#### Stored entries:

* * *

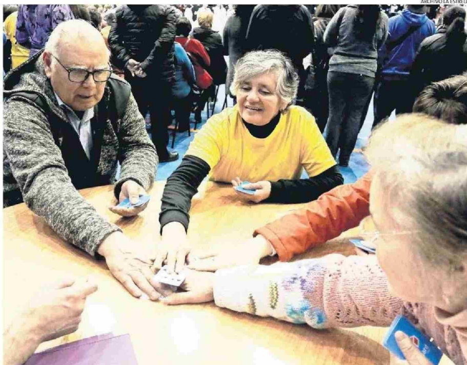
FORTALECER SUS REDES COMUNITARIAS ES PARTE IMPORTANTE PARA MEJORAR LA VIDA DE LAS PERSONAS MAYORES, DESTACA SÁNCHEZ.

"Desde el Hogar de Cristo lo constatamos en nuestras 70 comunas de presencia —puntualizó— y especialmente en las seis del Biobío donde atendemos a personas mayores a través de servicios sociales especializados. Frente a este escenario, necesitamos más socios y más compromiso para sostener y ampliar los programas de apoyo y cuidado. Porque estas cifras no son solo estadísticas, son per-
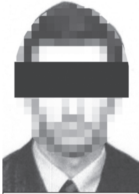
Вот он, агент-убийца Гордон. Говорите, ничего не видно? А вот британцам сразу все ясно стало.

Тот якобы действовал с пятью подопечными и вернулся в Россию.
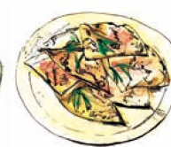
フォカッチャ 500 Focaccia
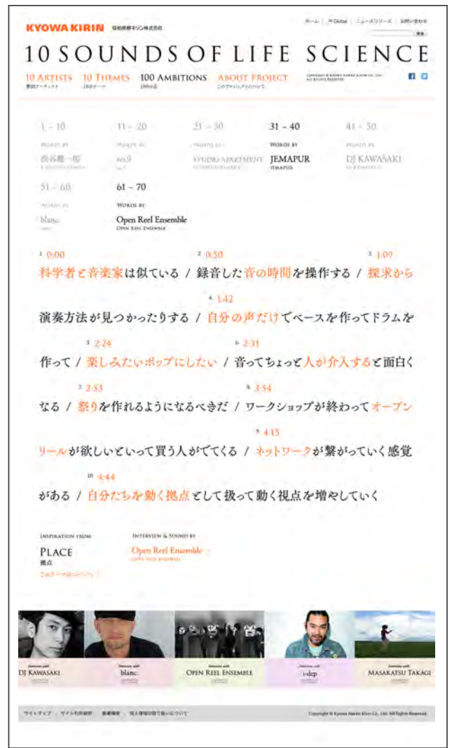
「100 AMBITIONS」：Open Reel Ensembleの10の言葉をお楽しみいただけます。
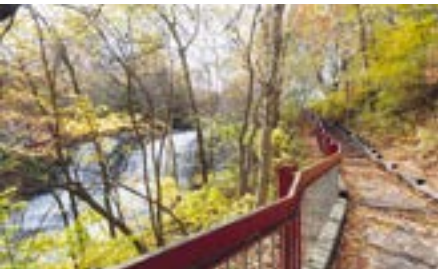
Rivière de Beauport

La Ville entre en période de planification pour déterminer les prochaines étapes. Vous serez consultés en cours de démarche sur les orientations et les projets mis de l'avant. D'ici là, redécouvrez vos rivières en profitant des sentiers et des aménagements existants et en publiant vos photos sur Instagram au #revonsnosrivieres .
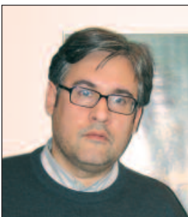
JUAN MANUEL DE PRADA Escritor

Pronunció una importante conferencia sobre "Educación y libertad" en los Diálogos sobre Educación de COFAPA.
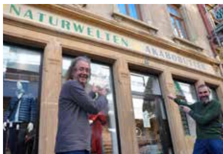
Doppelladen an der Place Wallis

Nach Einschätzung der New York Times sind die LOHAS genannten modernen Konsumenten („Lifestyle Of Health And Sustainability“) diejenige Konsumentengruppe, die weltweit am stärksten wächst. Zu ihren Überzeugungen gehört, möglichst keine unter fragwürdigen sozialen Bedingungen und schwerwiegenden ökologischen Folgen preiswert produzierten Textilien mehr zu kaufen. Aber das ist einfacher gedacht und entschieden als umgesetzt, fehlt es doch hierzulande an Geschäften, in denen Alternativen angeboten werden. In Luxemburg war Lucien Reger der Pionier, der mit seinem 1985 eröffneten Bio-Textilien-Geschäft „Naturwelten“ (ehedem „Pimpampel“) in Bonneweg bis vor wenigen Jahren konkurrenzlos war.
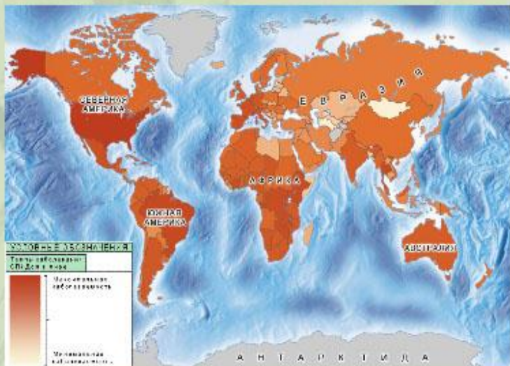
Карта распространения СПИДа в мире.
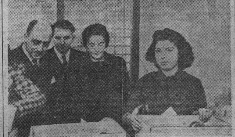
El ministro de Marina, acompañado de Pilar Primo de Rivera, visita los trabajos de las camaradas de la Sección Femenina que confeccionan los paquetes con el aguinaldo para los voluntarios de la División Azul
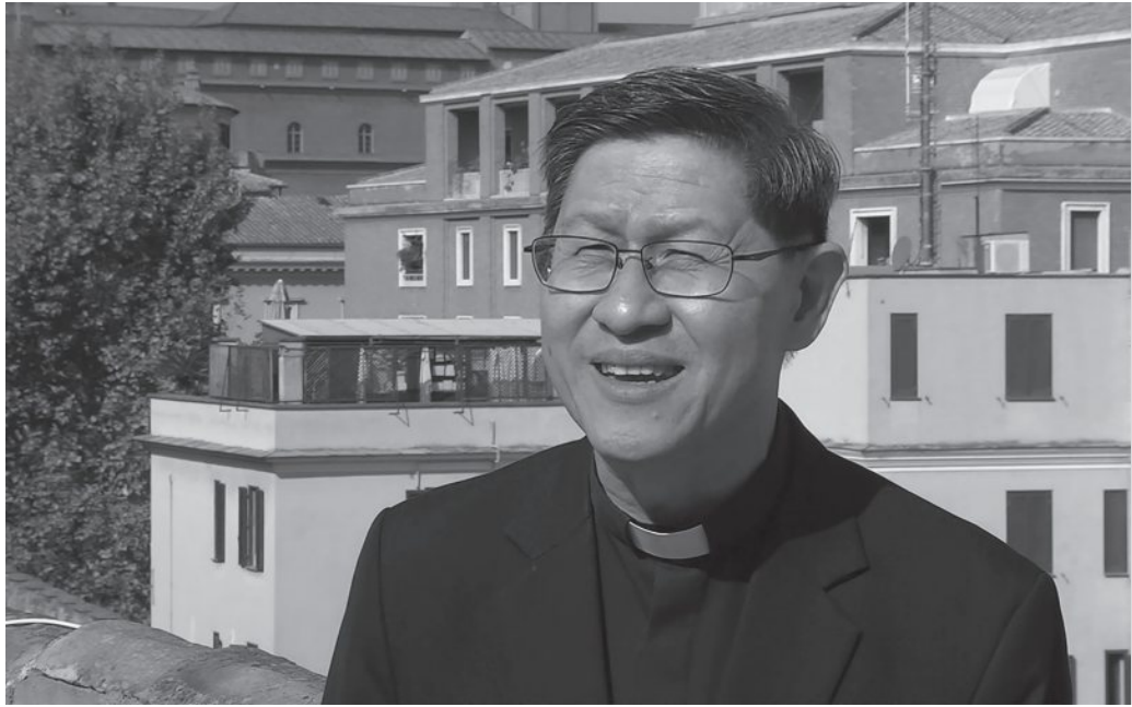
พระคาร์ดินัล หลุยส์ อันโตนิโอ ตาเกล

“บทสอนเรื่องนี้ดีมาก และก่อเกิดผลอย่างมาก ต่อคนหนุ่มอย่างพ่อให้รู้จักไตร่ตรองว่าชีวิตของพ่อสามารถเป็นการรับใช้พระศาสนจักร ไม่ใช่เพียงแค่บทสอนเราแค่นั้น ไม่ใช่เพียงแค่เรื่องความคิดแต่เป็นประสบการณ์งดงามของการได้พบปะกับผู้คน ผู้อุทิศตนหรือแม่แต่
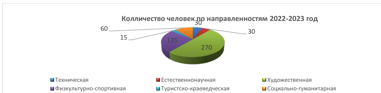
Таблица 9. Направления дополнительных общеобразовательных программ
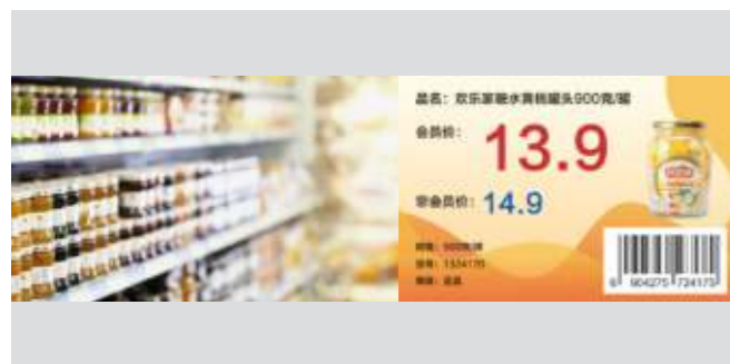
零售行业 彩色价签
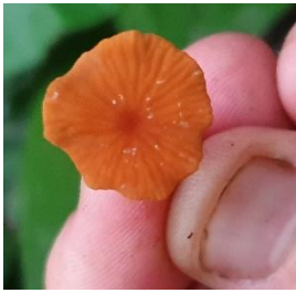
14. Marasmius denisii cf.

Practica pre-profesional II- Universidad Nacional de la Amazonia Peruana-Estación Biológica Kawsay
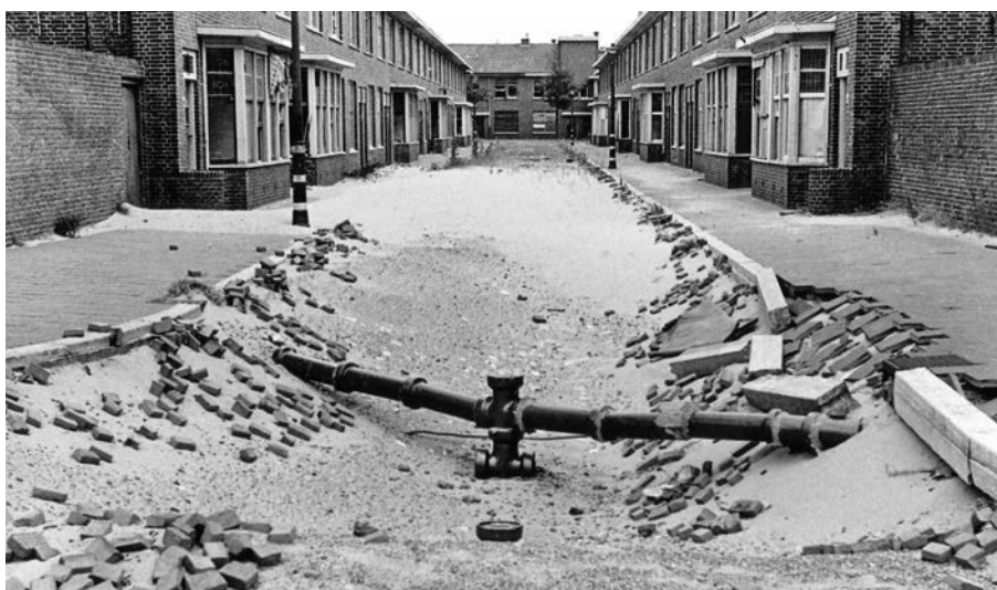
Uit veel straten werden de klinkers gehaald om te gebruiken voor bouw- en wegeaanleg. Hier de Puttensestraat in Duindorp vlak na de oorlog.

Recht voor je ligt Duindorp. Er loopt een scheiding van hier schuin naar linksachter door de wijk. Dat is de Tesselsestraat, met aan het eind het Tesselseplein. Rechts daarvan is sociale woningbouw, waar voor de oorlog het gewone vissersvolk woont. Links daarvan en in de Tesselsestraat zelf, is de woningbouw in particuliere handen. Daar wonen de schippers, stuurliu en monteurs. Ze hebben een positie tussen de vissers en de reders en voelen zich daarom vaak beter dan het gewone vissersvolk.
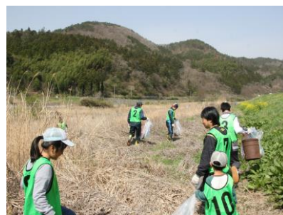
砂鉄川清掃活動に参加
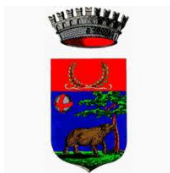
Comune di Reggello
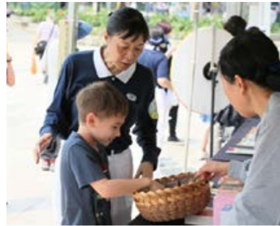
靜思語攤位提供《兒童靜思語》
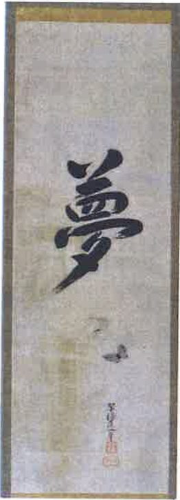
翠濤(直諒)の書「夢」(銘 翠濤庵一筆)
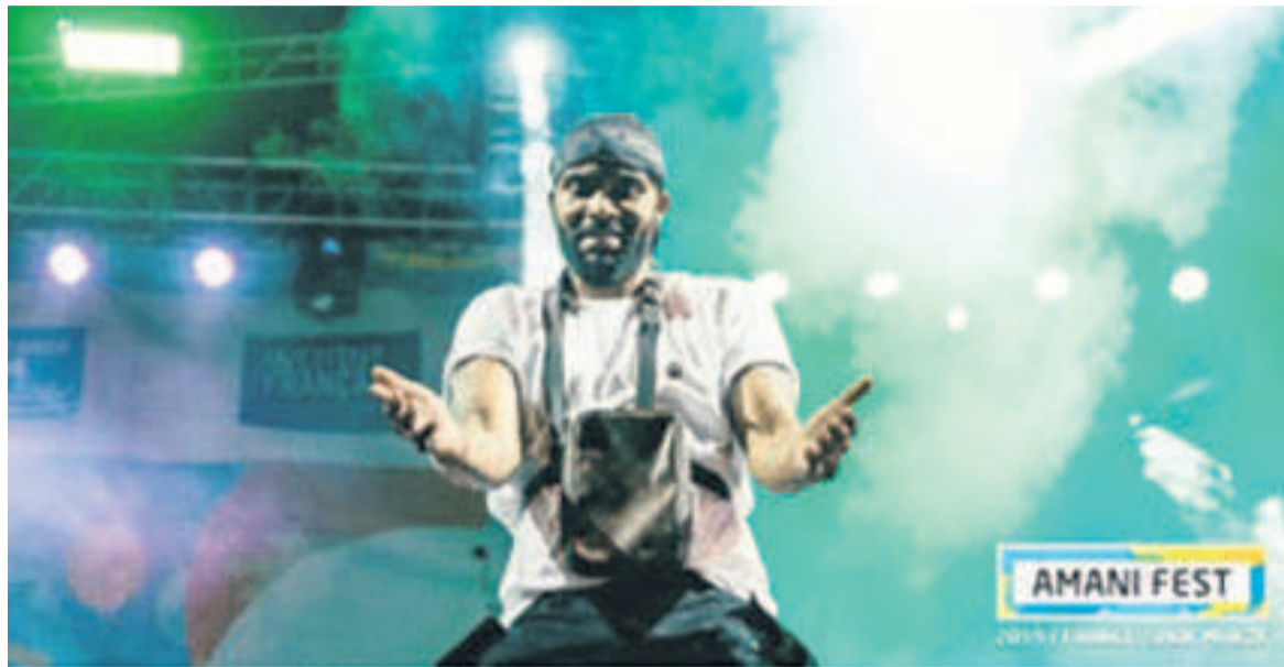
Fally Ipupa à l'ouverture de la sixième édition du Festival Amani Photo 2 : Une vue du public en face de la scène principale

Le collège Mwanga a accueilli trente-six mille festivaliers pendant les trois jours de l'événement, du 15 au 17 février. Un succès de foule prévisible avec le sold out annoncé la veille de l'ouverture pour les premier et dernier jours.
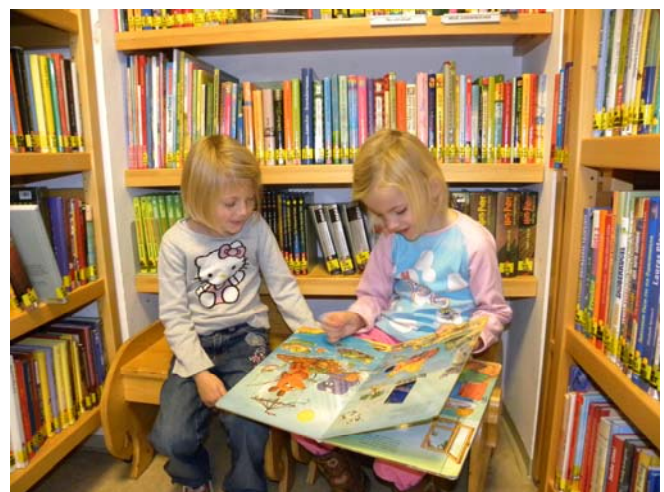
Schulanfänger reisen in die Bibliothek nach Perg
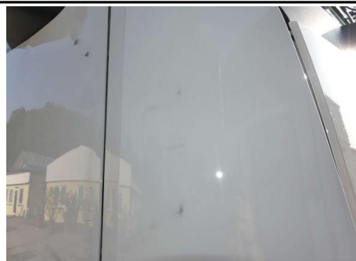
Luftleitkörper VR verkratz
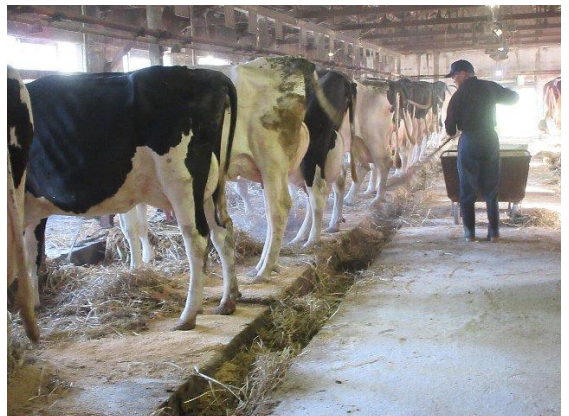
◆牛床に敷料を多く投入し、牛体がきれいに保たれるようになった（D農場）。
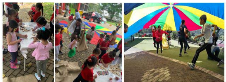
Figura 11. Niños y niñas en Costa Rica participan en actividades de promoción de la salud v educación.

En Costa Rica , del 3 al 9 de agosto del 2022, la OPS participó en un proyecto cuyo objetivo es habilitar un espacio donde los niños usen obras de arte para expresar lo que aprendieron de las actividades educativas sobre promoción de la salud y prevención de la COVID-19. Las actividades se llevaron a cabo en centros de cuidado y desarrollo infantil, y han beneficiado a aproximadamente 100 niños y niñas y sus familias.
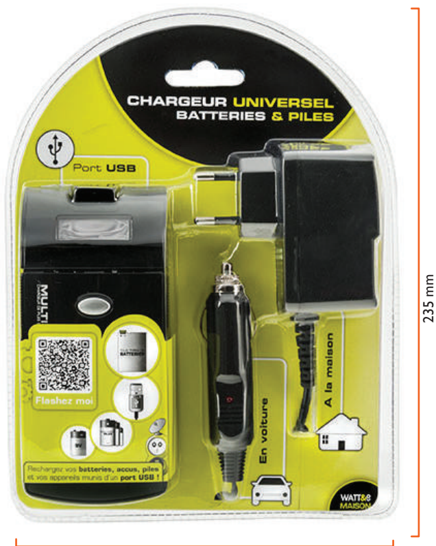
180 mm Chargeur universel de piles, batteries et smartphones
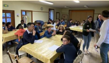
Pendant la retraite à Cosqueville

C'est mon meilleur ami, il m'aide dès que j'ai besoin de lui, à chaque événement, à chaque choix, il est là
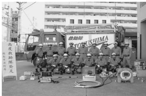
▲高度救助隊員と高度救助用器具

この高度救助隊には、人命救助に関する高度な教育・訓練を受けた15人の隊員が所属し、高度救助用器具が
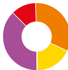
FÖRDELNING AV KOSTNADERNA 2016
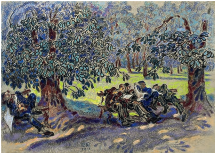
Po pracy 1955 pastel na papierze 50 × 70 cm
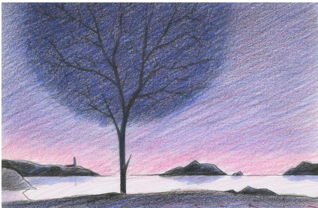
François AVRIL - Evening - 2025 - Crayons de couleur sur papier - 18 x 27,7 cm - Signé en bas à gauche

Qu'il s'agisse d'une ville ou d'un paysage, François AVRIL cherche moins à restituer la réalité qu'à en retenir l'essentiel, laissant au spectateur une totale liberté d'interprétation.
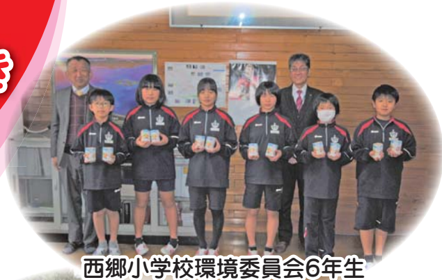
西郷小学校環境委員会6年生

* * *

#### Task:
Give back only the lines from the one that carries "Po pracy 1955 pastel na papierze 50 × 70 cm" through the final line above, both included. Drop all pictures.

#### Solution:
Po pracy 1955 pastel na papierze 50 × 70 cm
François AVRIL - Evening - 2025 - Crayons de couleur sur papier - 18 x 27,7 cm - Signé en bas à gauche

Qu'il s'agisse d'une ville ou d'un paysage, François AVRIL cherche moins à restituer la réalité qu'à en retenir l'essentiel, laissant au spectateur une totale liberté d'interprétation.
西郷小学校環境委員会6年生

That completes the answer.